Men were stronger, which was consistent with our previous study. However, we found that women actually had a lower cardiovascular response. Their blood pressure didn't change as much, and their heart rate didn't change as much as the men, during performance of the task.
So next, we wanted to look at how men and women may be doing the task differently. So for this we used a different kind of research where we do virtual modeling. Now we're doing biomechanical modeling and the same pose drag task.
We had six men and six women in this study, and we used a motion capture Connect system where data was fed into biomechanical models. And we actually use three different approaches to analyze that data.
What we found amazing is that when we looked at the biomechanical modeling, the way that the women were doing the task resulted in less compression forces on their spine than the way that the men were doing the task. This is consistent with what women said in the qualitative study where they said they really had to be mindful of their body mechanics.
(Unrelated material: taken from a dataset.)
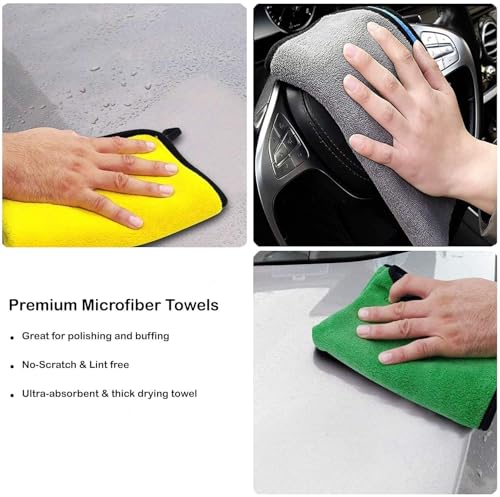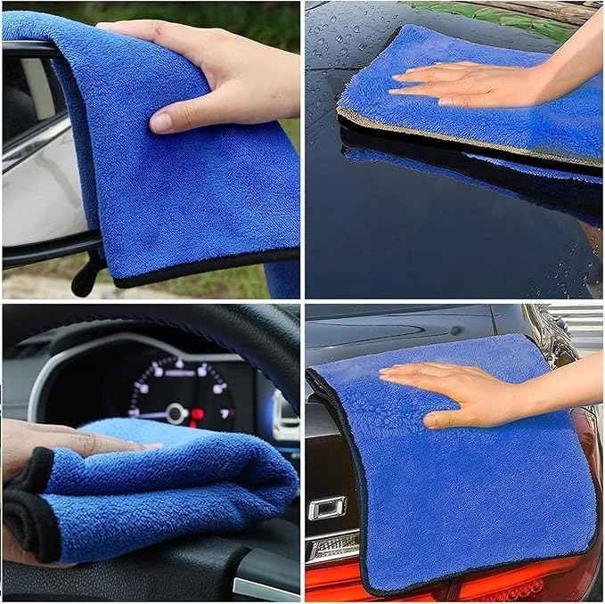- أقمشة تنظيف السيارة من المايكروفايبر من طبقتين، فوطة تجفيف سميكة ناعمة خالية من الوبر للعناية بالسيارات لتنظيف السيارة وتلميعها وغسلها وإزالة الغبار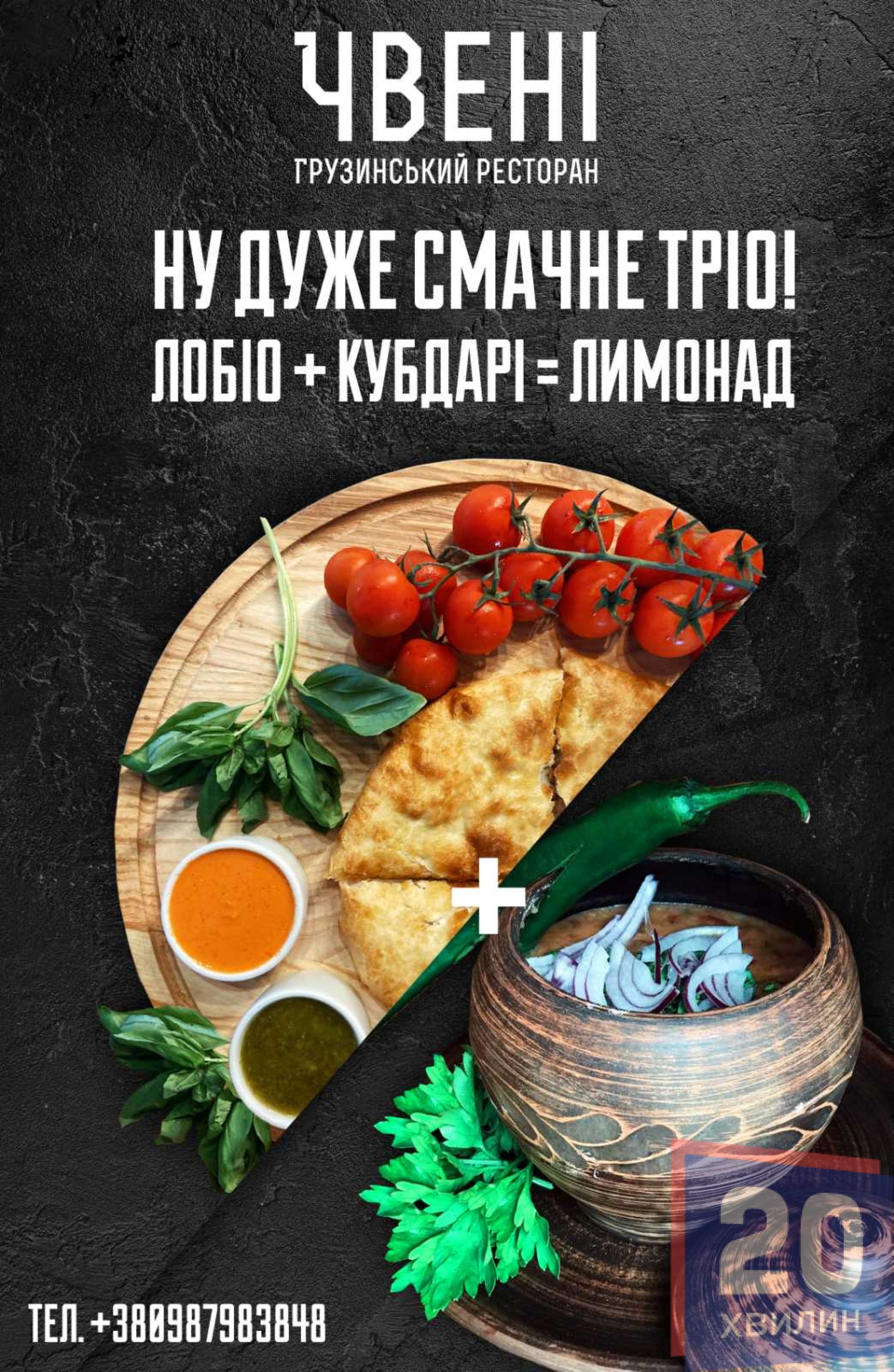 Пікантний шашлик, хрусткі хачапурі, апетитні хінкалі, що так і тануть у роті, терпкий післясмак ароматного вина – все це ті смаки та аромати Грузії, за якими відтепер непотрібно перетинати кордони. Ці та інші страви вже можуть і мусять скуштувати усі тернополяни, тому що частинку Грузії можна знайти у самому серці Тернополя, біля його водної перлини. Ресторан «Чвені» розташований справа від входу в готель «Тернопіль» і саме він гостинно відчиняє двері для кожного з нас.

So in summary; Firewell.ca has a number of strategies: Our idea is that we should always include as many women firefighters as possible in the research. The ways that we do this, are that we partner with women firefighters, we collect their data, and we listen.
We present women´s data in published research, even when the numbers are small - even when we cannot be sure about the conclusions - because we know eventually we'll be able to combine that data. We always do analysis of women separately.
And it's important to know that we report when men and women are the same, and when they are different. Sometimes researchers are too excited about differences, but it's very important to acknowledge when men and women are the same and respond the same as just as much as it is to know when they are different.
We also think it's very important not to just study weaknesses and negative predictors, but also study strengths and positive predictors. I think we can acknowledge that there might be differences in the way that men and women firefighters would approach a task or duty, but sometimes there are strengths and weaknesses in the ways that that each of these would be performed.
Finally, it's also important to always acknowledge that when you're looking at a group, it never means that the results refer to an individual. There are variations between individual people that are sometimes bigger than the variations between groups.